Most data architects hold a bachelor’s degree in computer science or computer engineering—though many also hold advanced degrees.
Average salary: $69,635
Salary range: $51,000–$98,000
As the name suggests, business systems analysts are responsible for analyzing and leveraging data to improve an organization’s systems and processes—particularly within information technology (IT). They use data tools to analyze the company’s current systems—and then identify ways to optimize systems, cut costs, and make IT more effective across the organization. Business systems analysts may also research new systems and tools to improve IT—and then assist in rolling out those systems across departments.

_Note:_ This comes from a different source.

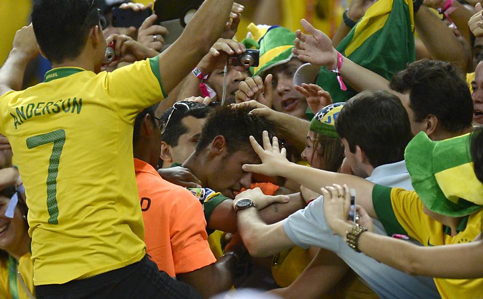 A seleção brasileira se emocionou com o apoio da torcida na vitória por 2 a 0 sobre o México, nesta quarta-feira, no estádio Castelão, em Fortaleza. O momento mais marcante foi durante o hino nacional, em que a torcida cantou junto até mesmo após o término da música no sistema de som.

Business systems analysts generally have a bachelor’s degree in a tech-related field like information technology management or information systems. However, candidates with a business background and a strong interest in and knowledge of IT could also be a good fit.
Average salary: $56,436
Salary range: $41,000–$78,000
Marketing analysts are responsible for helping companies better understand their customers and market. Generally, marketing analysts analyze data sets related to a company’s target demographic (including market research, purchasing trends, and customer surveys)—and use their analysis to develop strategies to help companies better connect with new customers and more effectively market to their existing customer base. Marketing analysts also need to present their findings to leadership as well as colleagues in marketing and other non-technical departments—so they need to have the ability to translate their analysis into reports, charts, and other materials that are easy to understand and act on.
Marketing analysts typically have a bachelor’s degree and can come from a variety of educational backgrounds, including marketing, economics, business, math, statistics, or psychology.
Clearly, there are opportunities galore in data and analytics. But the question is, are these roles right for you?
According to Herschberg, there are a few things you need to succeed in the data and analytics fields—starting with strong quantitative and analytical skills. “You need left-brained analytical skills to do the analysis, which ranges from basic statistics to complex machine learning algorithms,” Herschberg says. “It’s not just knowledge of the tools, but knowing when to use each tool.”
Being numbers-driven is a must to succeed in data and analytics—but so is being able to explain those numbers to people whose knowledge of data and analytics ranges from expert to novice. “To be really successful you should also have the ability to explain complex technical ideas, concepts, and learnings” to folks in non-technical roles, Herschberg says.
Finally, data can be a force for good—or, if it’s misused, it can be just the opposite. So, Herschberg says, you need to “understand the limits of data, how it can be misused, and the ethical issues stemming from data analysis.”
Data and analytics is a field brimming with opportunity and future growth. And with this list, you have the jumping off point to start exploring roles under the data and analytics umbrella—and find one that feels right for you. So what are you waiting for? Get out there and get searching!